Comment by rco8786

12 hours ago

I think there's a lot of potential in AI as a UX in that way particularly for complex apps. You give the AI context about all the possible options/configurations that your app supports and then let it provide a natural language interface to it. But the result is still deterministic configuration and code, rather than allowing the AI to be "agentic" (I think there's some possibility here also but the trust barrier is SO high)

The gmail filters example is a great. The existing filter UX is very clunky and finnicky. So much so that it likely turns off a great % of users from even trying to create filters, much less manage a huge corpus of them like some of us do.

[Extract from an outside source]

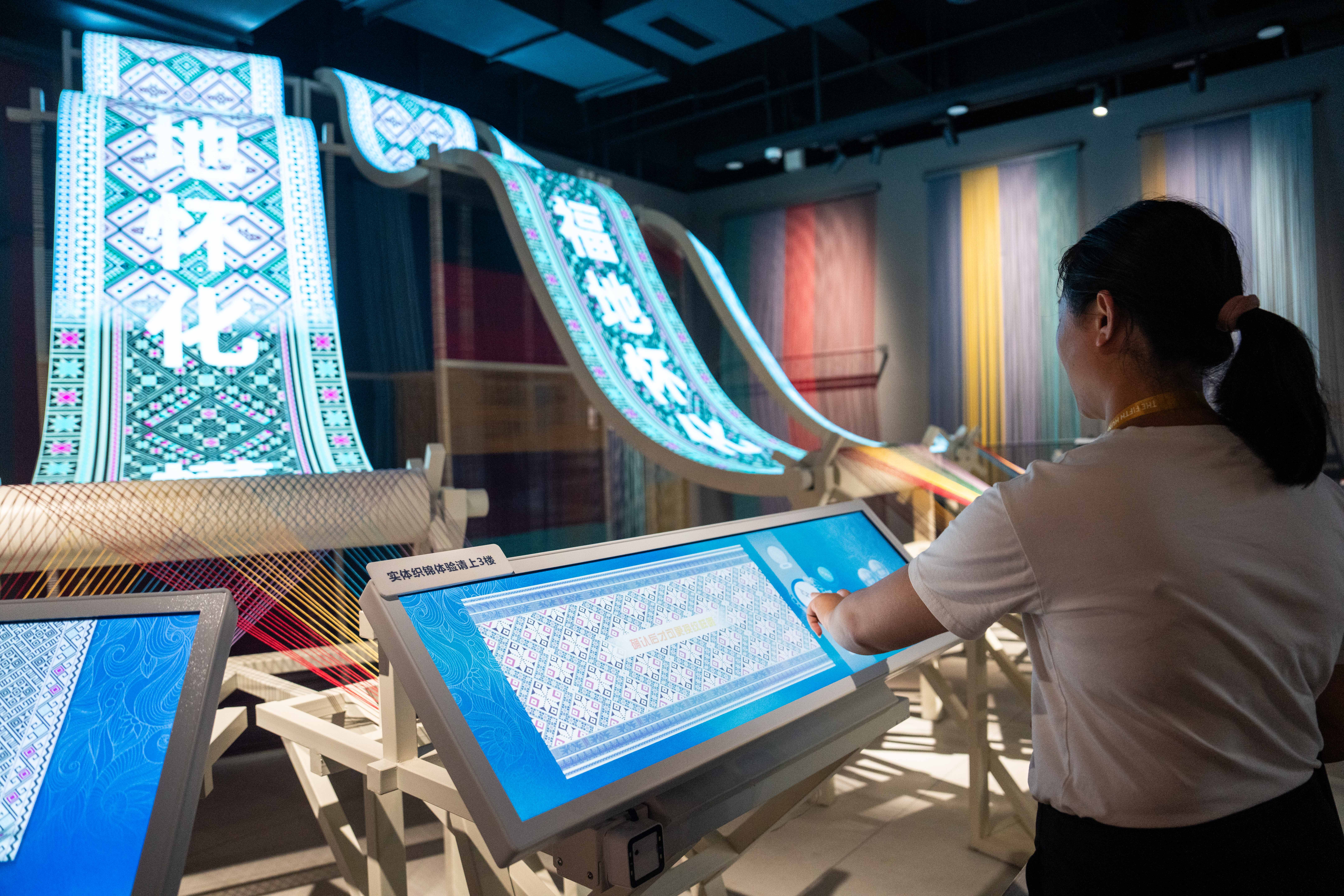 2025年9月16日,游客在湖南省怀化市五溪非遗园体验数字化织锦。五溪非遗园于2025年5月正式开园,包含非遗广场、数字体验空间和研学工坊三大板块,运用VR、AR、全息投影等技术打造42个沉浸式非遗体验项目。目前,怀化以五溪非遗园为抓手,推出非遗主题研学项目、开发深度互动项目,构筑特色文化产业体系,吸引更多人了解、学习非遗,让传统技艺成为城市发展的文化动力。

But "Hey gmail, anytime an email address comes from @xyz.com domain archive it immediately" or "Hey gmail, categorize all my incoming email into one of these 3 categories: [X, Y, Z]" makes it approachable for anyone who can use a computer.

> You give the AI context about all the possible options/configurations that your app supports and then let it provide a natural language interface to it.

If it's "AI" I want more than that, as i said.

I want it to read the email and correctly categorize it. Not just look for the From: header.

  • My second example was "Hey gmail, categorize all my incoming email into one of these 3 categories: [X, Y, Z]"

    • Missed it, but I think you're thinking of something easy like separate credit card bills by bank and all into their own parent folder.

      I've had multiple times email exchanges discussing status and needs of multiple projects in the same email. Tiny organization, everyone does everything.

      Headers are useless. Keywords are also probably useless by themselves, I've even been involved in simultaneous projects involving linux builds for the same SoC but on different boards.

      I want an "AI" that i can use to distinguish stuff like that.